Arguably, Julia has to worry about this issue less than Python, though: In Python, type annotations are still completely optional. So, if you’re not using a type checker, and you’re writing a function f(a, b) that contains a + b somewhere inside of it, you cannot make any assumptions whatsoever on what a + b evaluates to. In contrast, in Julia, you at least have the option to declare that as a method, function f(a::Float, b::Float), and then you do have a very clear contract about a + b. Or, you could say f(a::Number, b::Number), and you’d still have a reasonably good contract (it’s a mathematical sum), but you wouldn’t be able to assume, e.g., commutativity. And, of course, you could have f(a::AbstractString, b::AbstractString), and that would be completely safe if +(a::AbstractString, b::AbstractString) was defined, even if that method was completely different from the generic +.

If we had a type system that was more powerful and included trait-like features, f(a::Number<:CommutativePlusTrait, b::Number:<CommutativePlusTrait), the entire problem would be pretty much solved.

Also, maybe we’re forgetting to state the obvious: Using * for string concatenation is just as much a violation of the generic multiplication operator as + would be a violation of the generic addition.

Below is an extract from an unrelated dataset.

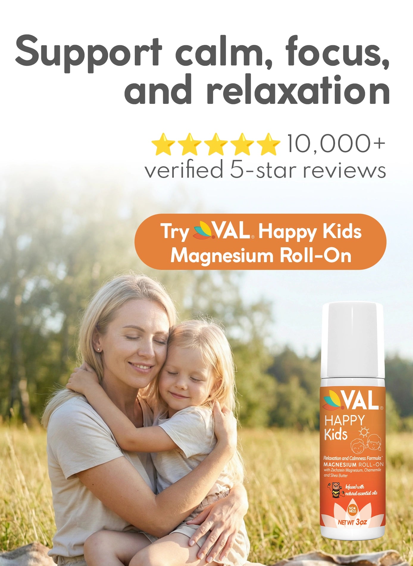 Calm, Focus & Better Sleep Roll-On for Kids | Pure Zechstein Magnesium | VAL Happy Kids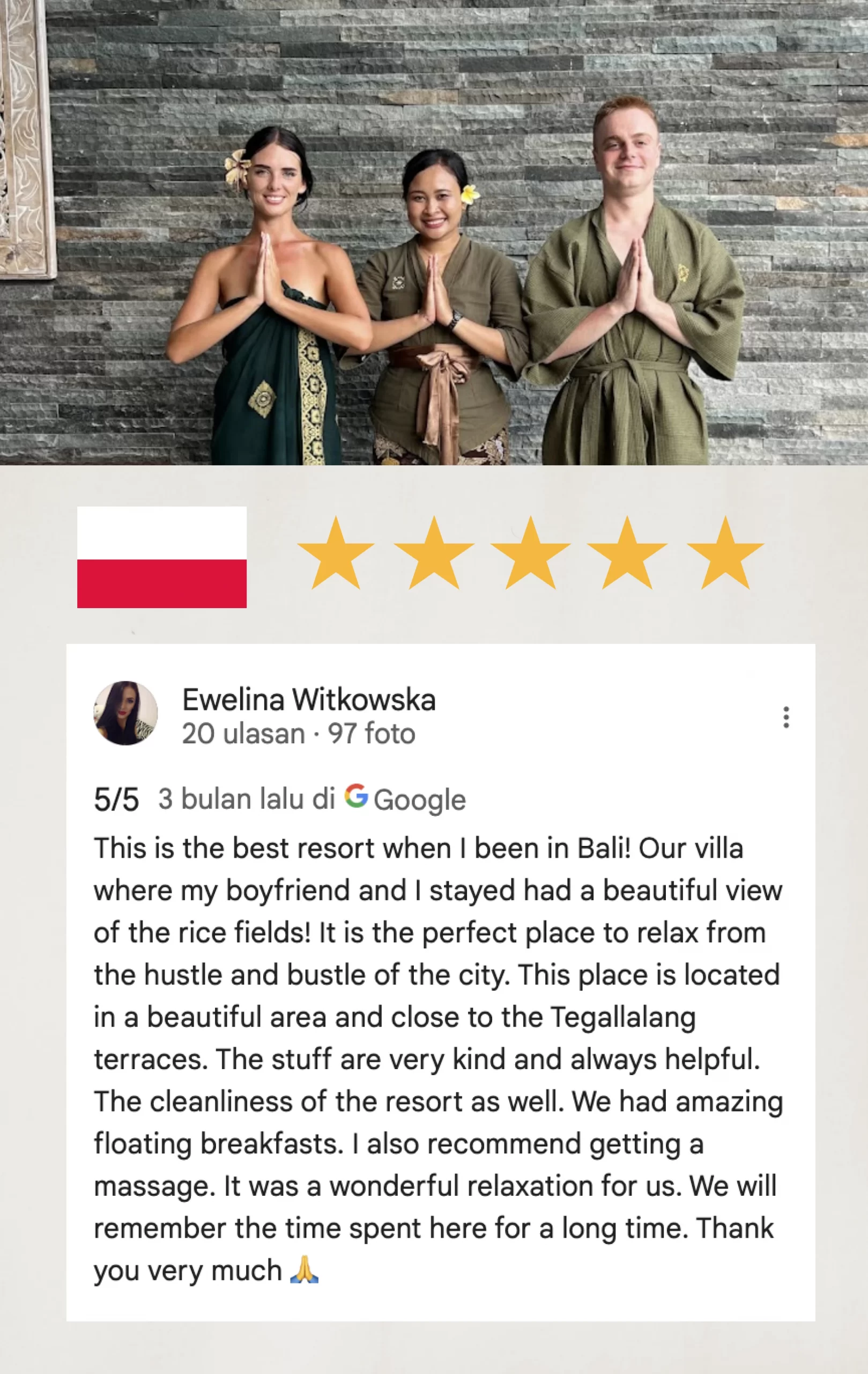 Telah menerima tamu mancanegara untuk memenuhi high-demand pengalaman autentik yang memadukan spiritual dan nature dalam sebuah resort

And indeed, * has a whole bunch of different method docstrings that deviate from the generic “Multiplication operator”. Going back to through the 10-year old discussions on GitHub about whether or not to change * for string concatenation, that was exactly Stefan’s position at the time. I think that’s a perfectly respectable and consistent position to have. I don’t share it, but it’s a question of mentality, not of any objective truth.

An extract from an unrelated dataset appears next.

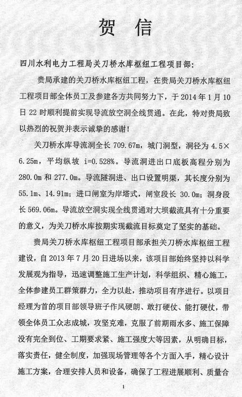 安岳縣思源水利建設投資開發有限公司致工程局賀信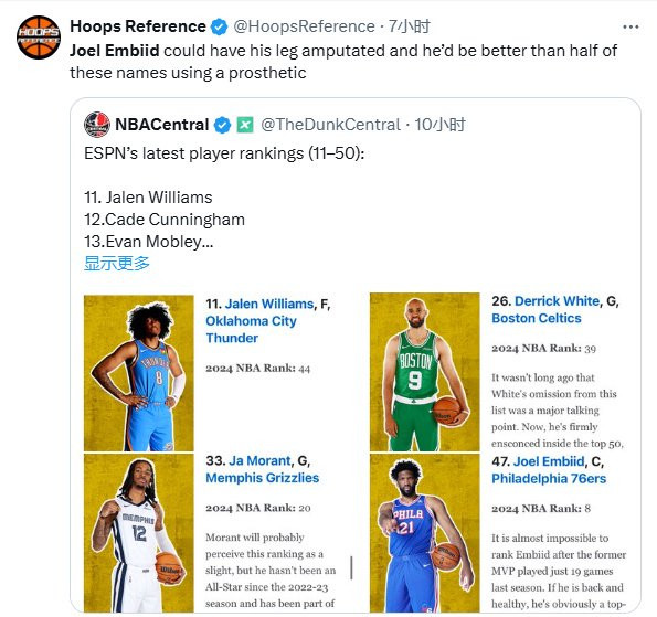 对于恩比德仅排第47名一事,美球迷十分不满并且表示:就算恩比德的一条腿截肢了,装上假肢也照样能打爆名单上一半的人。

So, basically, If the argument is, “Let’s be conservative about operator punning, and not overload *or + for strings, but let’s use ++ or .., or whatever”, I’d say “Sounds good!”

If the argument is, “We’re going to use * for string concatenation, no reason”, then my response is “Fine. That might take a little getting used to, and I’m not sure it’s great that Julia is the only language using that operator. Maybe it’s better to borrow an operator from any of the n most popular languages. But it doesn’t really matter.”

If the argument is “We’re gong to use * for string concatenation; footnote: because of non-commutative monoid” (the situation we’re in), then that’s going to raise an eyebrow. The healthy response would be the same as for “no reason”. Accept it, move on with your life (the answer to the original topic).

If the argument is “* is the only appropriate operator for string concatenation, because of abstract string algebra in theoretical computer science”, then I’m starting to have serious problems. Because then we’re in the territory of “I need to understand abstract algebra concepts to work with Julia / Julia is only for PhDs”, which is not a good place to be in.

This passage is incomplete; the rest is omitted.